By Mark McConville

 

THE HORROR of the Korean War has been brought into the twenty-first century thanks to a series of stunning colourised pictures.

The incredible images show Marines carrying a wounded soldier in Pusan, a US Marine ordering captured North Koreans to keep their hands up and a weapons squad leader pointing out a North Korean position to his machine gun crew.

Fighting with the 2nd Inf. Div. north of the Chongchon River, Sfc. Major Cleveland, weapons squad leader, points out Communist-led North Korean position to his machine gun crew. November 20,1950. Pfc. James Cox. Mediadrumimages / Royston Leonard

Other striking shots show a Korean girl with her brother on her back tiredly trudging past a stalled tank, a mortar crew returning enemy fire in the Masan area and astonished marines who hurled back a surprised onslaught by three Chinese communist divisions, being told they are to withdraw.

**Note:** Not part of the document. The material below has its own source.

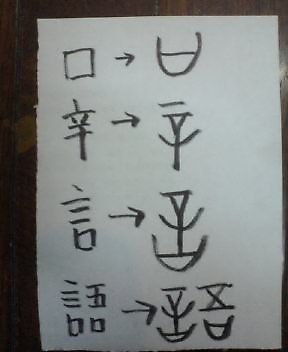 「言」というのはその「サイ」の上に「辛」を乗せた形。「辛」というのは大きな針で刺青の道具。で「言」というのは自己弁明、神かけて誓うというようなことだったらしい。嘘偽りがない証しに間違っていれば自らの身体に罰として墨をいれる覚悟だというようなことか。
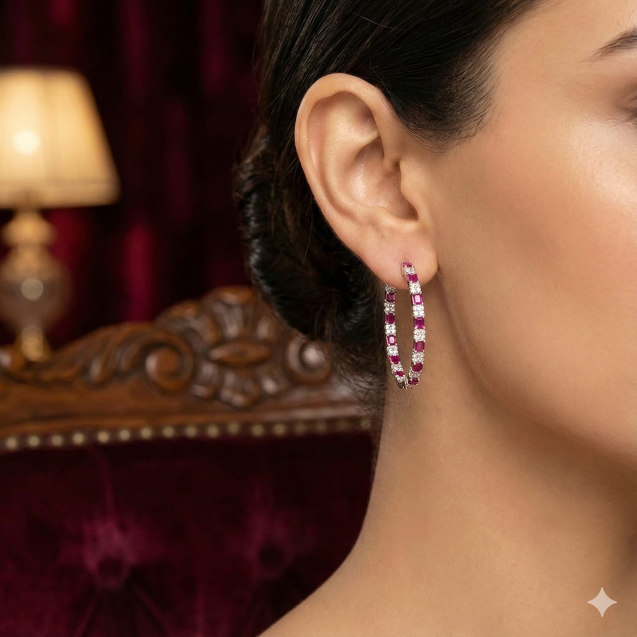 Sterling Silver 925 CZ Ruby Red & Hoop Earrings

The original black and white photographs were painstakingly colourised by electrician Royston Leonard (55), from Cardiff, Wales, with each snap taking between four and five hours to complete.

A U.S. Marine (right) orders captured North Koreans to keep their hands up on September 20, 1950. In the background is one of the tanks which came ashore in the assault at Inchon.
Mediadrumimages / Royston Leonard

“Adding colour brings to life the horror of war, of the trenches and not just another old black and white photo from long ago,” he said.

“We must never forget and teach all our children so that it never happens again. The pictures are not nice but then nor is sending loved ones to war.”

Mediadrumimages / Royston Leonard

The Korean War began when North Korea invaded South Korea. The United Nations, with the United States as the principal force, came to the aid of South Korea. China came to the aid of North Korea, and the Soviet Union gave some assistance.

The fighting ended on 27 July 1953, when an armistice was signed. The agreement created the Korean Demilitarized Zone to separate North and South Korea, and allowed the return of prisoners. However, no peace treaty has been signed, and the two Koreas are technically still at war.